El mercado de predicciones Kalshi explotó en los últimos años, alcanzando una valoración de USD 22.000 millones. Para el CEO de 30 años de la compañía, Tarek Mansour, llegar hasta allí no significó seguir la sabiduría de los profesores de escuelas de negocios o gurús del management; consistió en ignorar por completo los consejos.
“El peor consejo que la mayoría de la gente recibe es que debes salir y buscar un montón de consejos. Realmente no existe una receta para nada de esto”, dijo Mansour al The New York Times en una entrevista reciente.
Además remarcó: “La gente depende demasiado de los consejos, y a la gente le encanta dar consejos porque los hace sentir inteligentes y poderosos. La mayoría de las veces son basura”.
El escepticismo de Mansour hacia la sabiduría convencional de los fundadores se respalda en su propio historial: él y la cofundadora Luana Lopes Lara convirtieron Kalshi en una plataforma con cuatro millones de usuarios activos y se convirtieron en multimillonarios hechos a sí mismos, con patrimonios estimados de unos USD 2.600 millones cada uno.
En cuanto a su propio enfoque empresarial, Mansour asegura que aprendió principalmente haciendo, incluso al elegir ignorar libros o podcasts de gestión.
“Tengo mucho de ‘me lo inventaré sobre la marcha’”, afirmó en un podcast de Sequoia Capital el mes pasado.
“Ambos, probablemente somos bastante analfabetos emprendedores”, explicó el ejecutivo, refiriéndose a él mismo y a su cofundadora, Lopes Lara.
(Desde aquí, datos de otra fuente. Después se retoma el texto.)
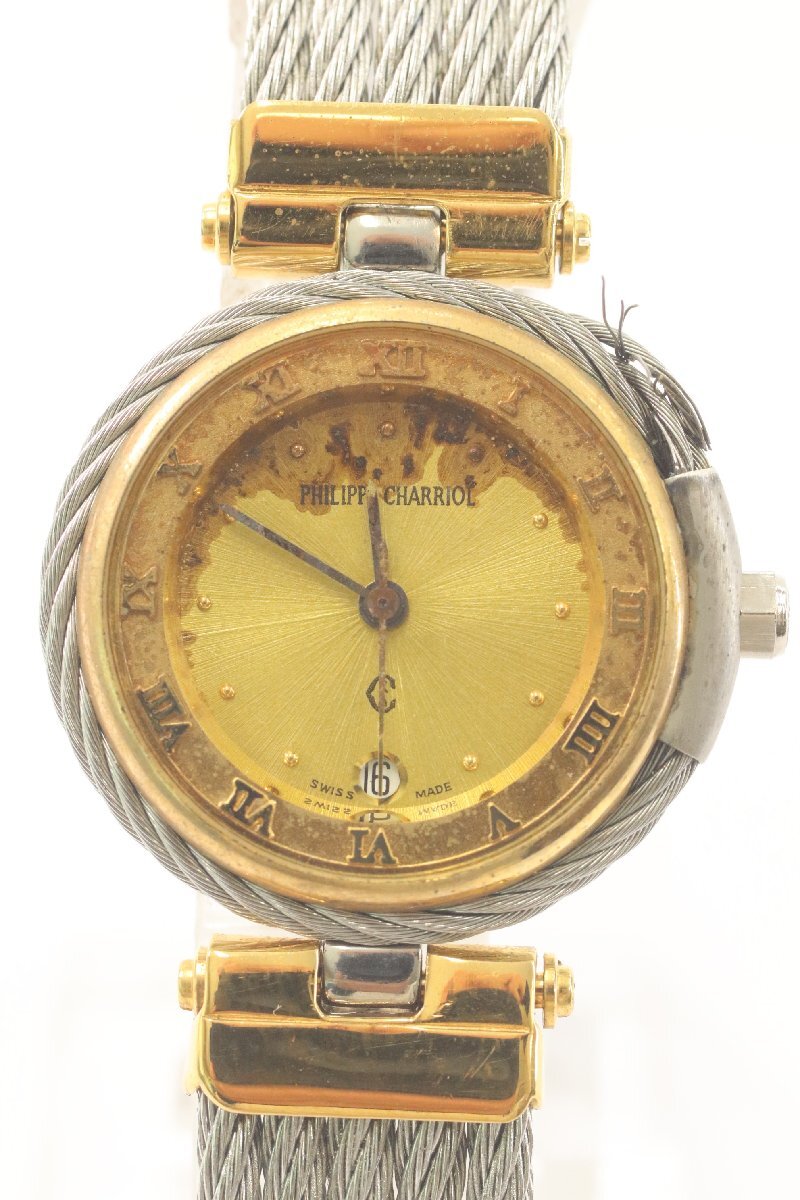 > 【ジャンク】PHILIPPE CHARRIOL フィリップシャリオール ケルティック ワイヤーブレス クォーツ デイト 腕時計 3959-HA

Sobre esto, enfatizó: “No leímos todos los libros, no vimos todos los podcasts”.
Los cofundadores de Kalshi pasaron de compañeros en el MIT a disruptores multimillonarios de las finanzas
Mansour y Lopes Lara se conocieron como compañeros de clase en el MIT, y con empresas como Goldman Sachs, Palantir, Citadel y Bridgewater Associates en sus currículums colectivos, probablemente iban camino a carreras lucrativas en tecnología y finanzas.
En cambio, menos de un año después de graduarse, decidieron fundar Kalshi en 2018, imaginando inicialmente la compañía como un mercado financiero donde los usuarios pudieran comprar y vender contratos vinculados a los resultados de eventos reales.
Sin embargo, los primeros años fueron todo menos fáciles. Kalshi enfrentó obstáculos regulatorios al buscar la aprobación para su novedoso modelo de negocio, y Mansour admitió que hubo innumerables ocasiones en las que quiso rendirse.
“Todos los días te despiertas y piensas: ‘¿Qué estoy haciendo?’”, recordó.
Para 2020, Kalshi obtuvo la aprobación como mercado financiero por parte de la Commodity Futures Trading Commission, y consiguió la autorización para ofrecer contratos vinculados a los resultados electorales de EE. UU. en 2024.
Su crecimiento desde entonces fue exponencial. Kalshi fue valorada en USD 2.000 millones en junio de 2025 antes de dispararse a 22.000 millones en mayo de 2026. A principios de este verano, Financial Times informó que la compañía consideraba una nueva ronda de financiación que podría valorarla en 40.000 millones.
Y si tuviera que dar un consejo a otros fundadores aspirantes, el mensaje de Mansour es simple: asumir riesgos.
“Intenta tanto como puedas asumir tanto riesgo como puedas”, señaló, Pero agregó una advertencia a su propio desprecio por los consejos: “No tomes mi consejo como una verdad absoluta”.
Para Kalshi, asumir riesgos tiene un precio potencial de USD 36.000 millones en Nueva York
Pese al escepticismo de Mansour sobre la sabiduría convencional—y ser un disruptor en la industria—su disposición a asumir riesgos puso a Kalshi en la mira por acusaciones de uso de información privilegiada y críticas de que sus contratos equivalen a apuestas.
Nueva York presentó una demanda contra Kalshi la semana pasada, alegando que la compañía opera una plataforma de apuestas sin licencia. El estado pide al tribunal imponer sanciones civiles de USD 100.000 por cada oferta de apuestas deportivas no autorizada, lo que, según la demanda, podría ascender a unos USD 36.000 millones.
Apareciendo en CNBC el día después de presentada la demanda, Mansour defendió a Kalshi y sostuvo que la compañía opera bajo normas federales.
“Creo que lo más interesante que está ocurriendo aquí es que tienes una industria, la de los mercados de predicción, que es disruptiva, crece rápido, los consumidores la adoptan y está amenazando a una industria tradicional que no está contenta con eso”, sentenció.